(Listed entries begins)
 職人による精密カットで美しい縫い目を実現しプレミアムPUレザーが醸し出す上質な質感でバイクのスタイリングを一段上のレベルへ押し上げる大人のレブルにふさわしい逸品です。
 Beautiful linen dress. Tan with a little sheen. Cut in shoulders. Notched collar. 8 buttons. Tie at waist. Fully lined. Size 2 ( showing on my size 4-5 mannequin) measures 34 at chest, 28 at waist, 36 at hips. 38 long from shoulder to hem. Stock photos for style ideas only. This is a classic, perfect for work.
(Listed entries ends)
(Listed entries begins)
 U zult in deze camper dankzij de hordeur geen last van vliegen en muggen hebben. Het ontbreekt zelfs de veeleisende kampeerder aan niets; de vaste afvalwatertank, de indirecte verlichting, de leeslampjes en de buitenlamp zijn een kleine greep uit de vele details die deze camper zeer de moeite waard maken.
(Listed entries ends)
■ Prompt ■
Retype the entries above exactly, but only from the line containing "職人による精密カットで美しい" through the line containing "Beautiful linen dress.", both included.

■ Your response ■
 職人による精密カットで美しい縫い目を実現しプレミアムPUレザーが醸し出す上質な質感でバイクのスタイリングを一段上のレベルへ押し上げる大人のレブルにふさわしい逸品です。
 Beautiful linen dress. Tan with a little sheen. Cut in shoulders. Notched collar. 8 buttons. Tie at waist. Fully lined. Size 2 ( showing on my size 4-5 mannequin) measures 34 at chest, 28 at waist, 36 at hips. 38 long from shoulder to hem. Stock photos for style ideas only. This is a classic, perfect for work.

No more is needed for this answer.